> _What this task involves_
Among the entries below, which lines run from the line with "El número 22.259" through the line with "- Individually Wrapped"? Retype those, both ends included, exactly and without pictures.

[[ Input data open ]]

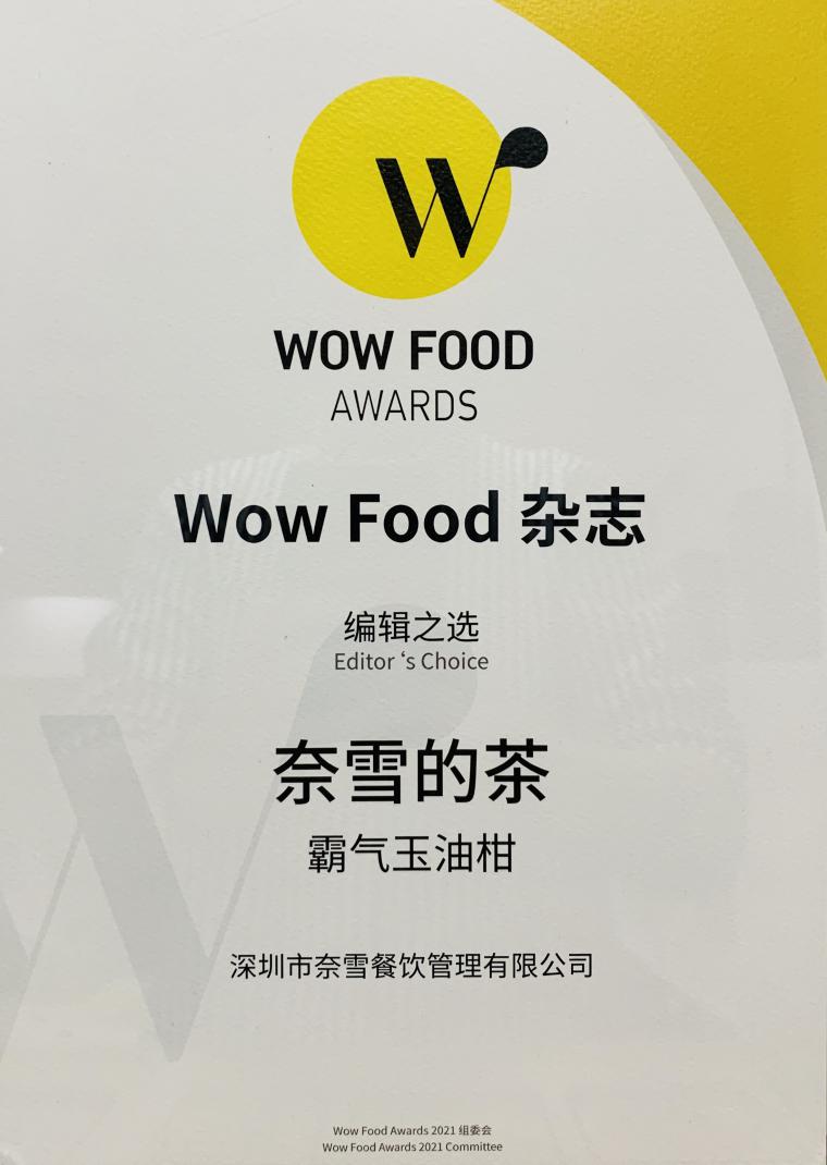 奈雪的茶憑借今年火遍全國(guó)的爆款產(chǎn)品“霸氣玉油柑”,獲得了由亞太地區(qū)極具行業(yè)影響力的食品行業(yè)盛會(huì)之一——FBIF食品飲料創(chuàng)新論壇頒發(fā)的Wow Food雜志“編輯之選”榮譽(yù)稱(chēng)號(hào),成為FBIF首度推出雜志即納入其中的全球新品案例之一。
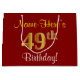 Grand Sac Cadeau Elégant, Rouge, Faux Gold 49e anniversaire; Nom pe
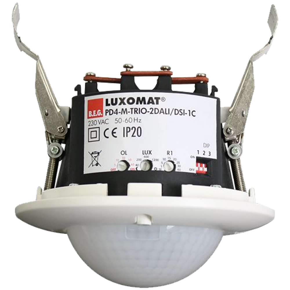 Датчик присутствия для двух отдельных групп освещения, для управления освещением в зависимости от дневного света Один беспотенциальный канал переключения для управления оборудованием (HVAC) или освещением Два независимых подвижных датчика освещенности Одна общая зона обнаружения 2 интерфейса DALI/DSI для совместного управления цифровыми электронными балластами с регулируемой яркостью Переключение между DALI и DSI возможно с помощью пульта дистанционного управления Функция освещения ориентации Реле с вольфрамовым предварительным контактом, оптимизированное для светодиодных нагрузок Версия в качестве основного устройства - Зона обнаружения может быть расширена с помощью подчиненных устройств
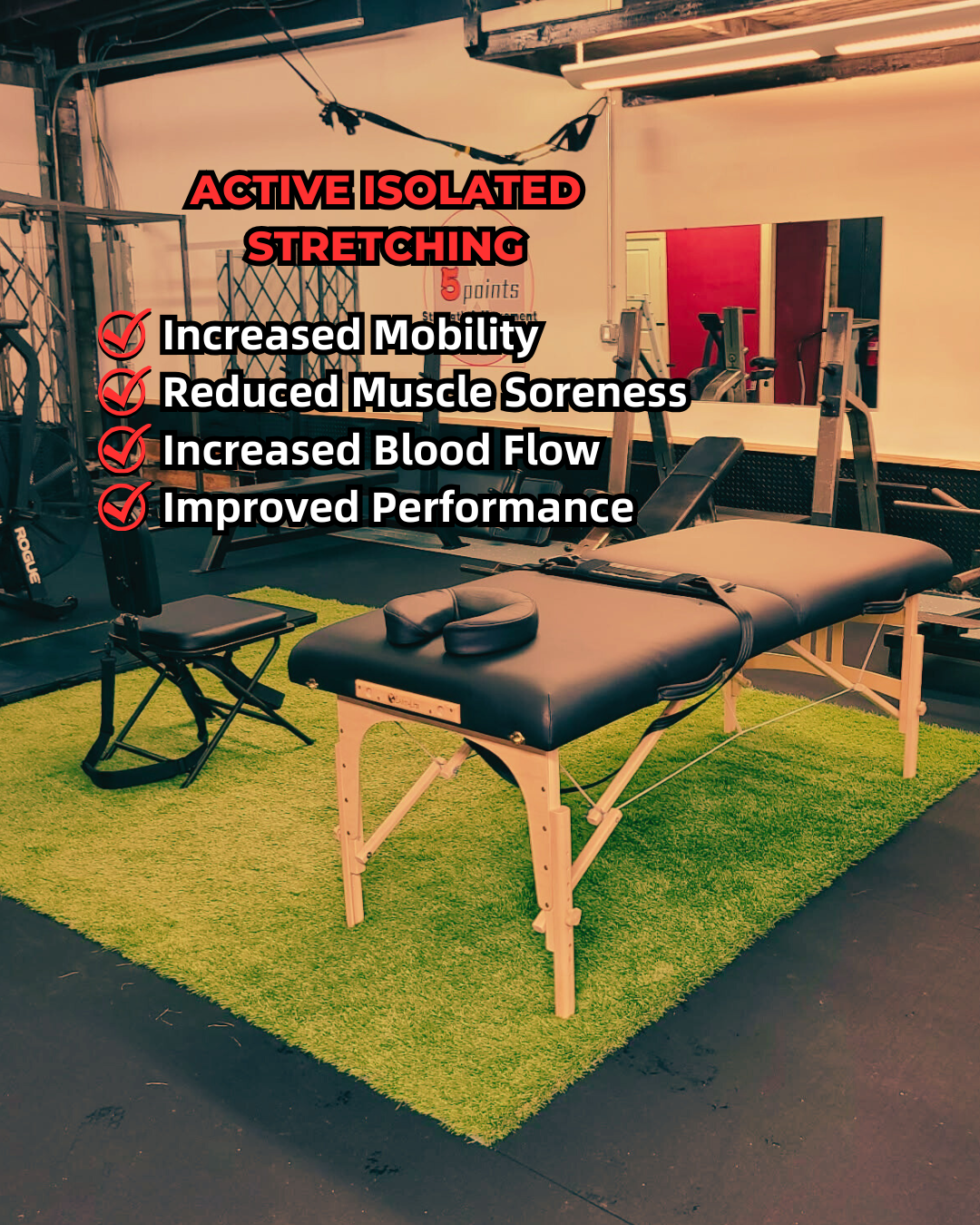Reduce muscle soreness, increase blood flow, improve performance, and increase mobility with active isolated stretching sessions at Five Points. Active Isolated Stretching (AIS) is used worldwide by a variety of personal trainers, athletes, massage therapists, and other health professionals to help repair and restore the body. This method involves a static hold of a stretch with integrated breath work and guided muscle lengthening.
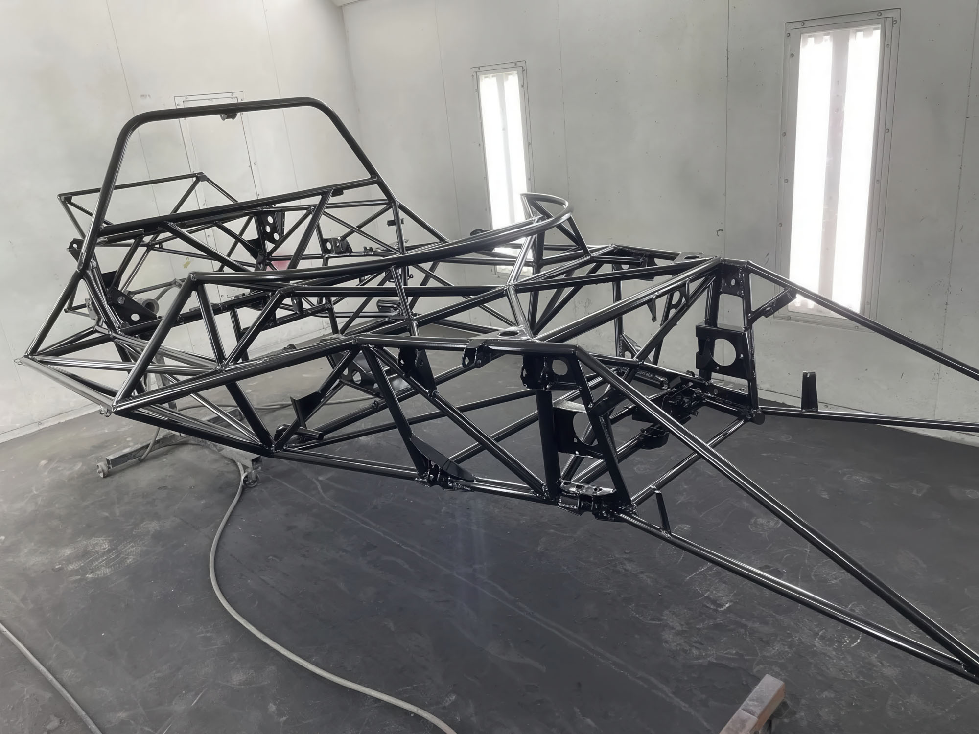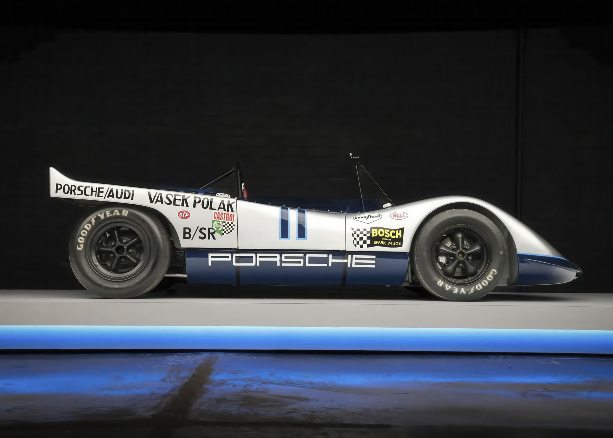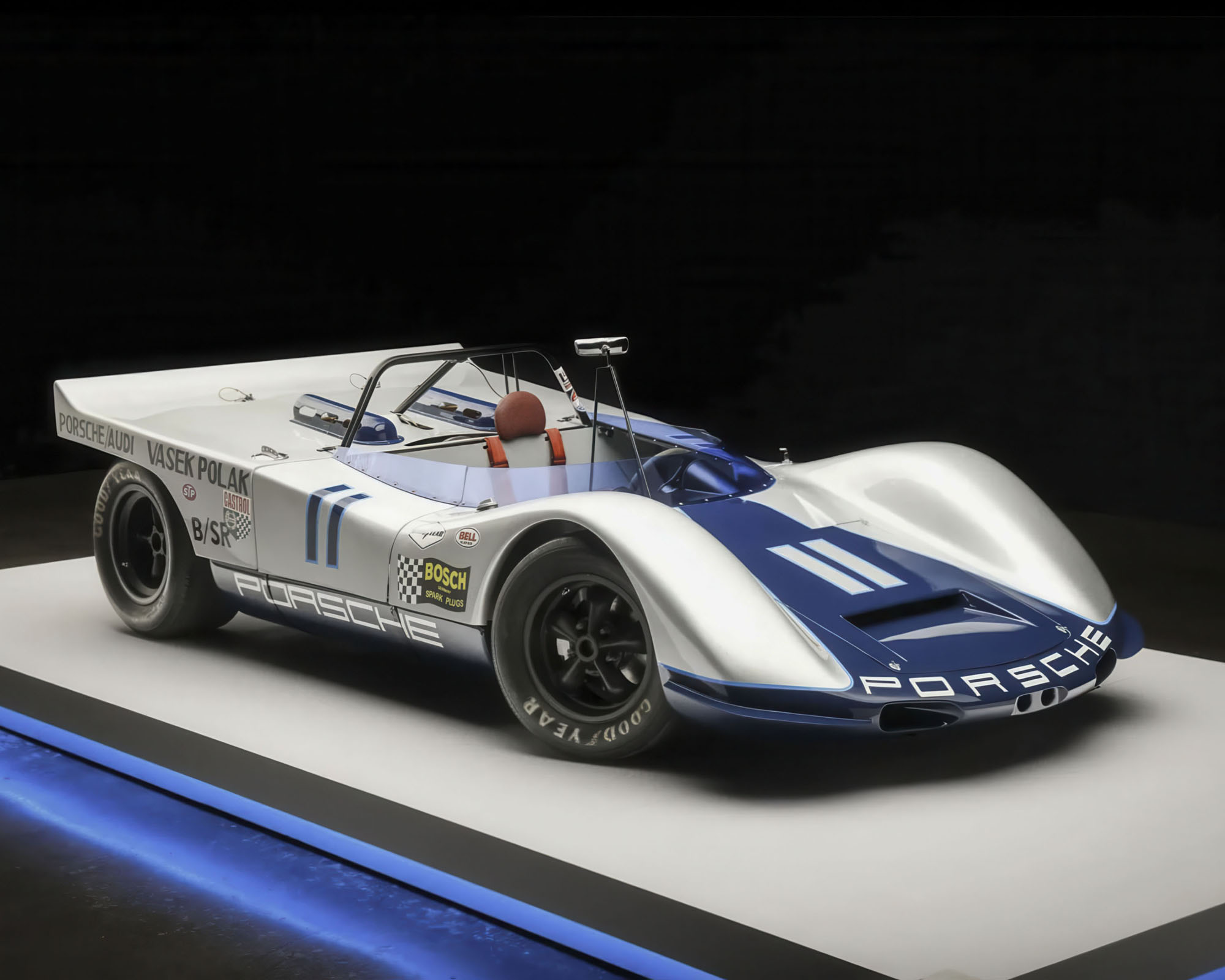 The subsequent build by Kundensport included the fabrication of a replacement frame with the integration of Spyder chassis elements, refurbishment of the body panels used during Polak’s ownership, featuring a corresponding silver Vasek Polak livery, and the installation of a Super Tec Performance-built 2.0L flat-six engine and a magnesium-case five-speed manual transaxle.
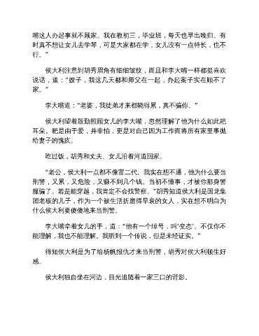 侯大利望着殷勤照顾女儿的李大嘴,忽然理解了他为什么如此耙
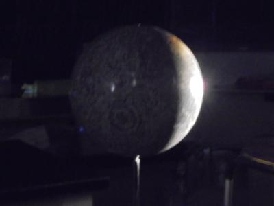 理科室を暗室にし,月の模型と光源装置を使って,月の位置を移しながら形が変化していく様子を観察します。
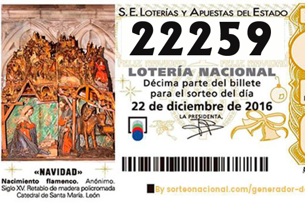 El número 22.259 ha traído la suerte a nuestro municipio, siendo agraciado con un Quinto Premio, nada más y nada menos que con 60.000 euros a la serie y 6.000 euros al décimo.
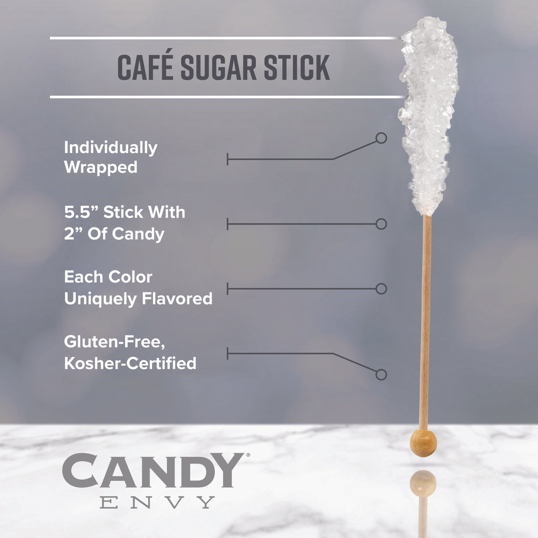- Individually Wrapped Rock Candy on a Stick available in three quantities
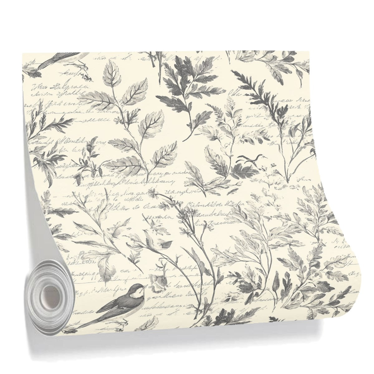This vintage-inspired, monochrome pattern features detailed botanical sketches of various plants, leaves, and a small bird. The black ink illustrations are layered over elegant, faded cursive script on a cream background, evoking the page of a classic naturalist's journal.

[[ Input data closed ]]

> _Expected output_
 El número 22.259 ha traído la suerte a nuestro municipio, siendo agraciado con un Quinto Premio, nada más y nada menos que con 60.000 euros a la serie y 6.000 euros al décimo.
- Individually Wrapped Rock Candy on a Stick available in three quantities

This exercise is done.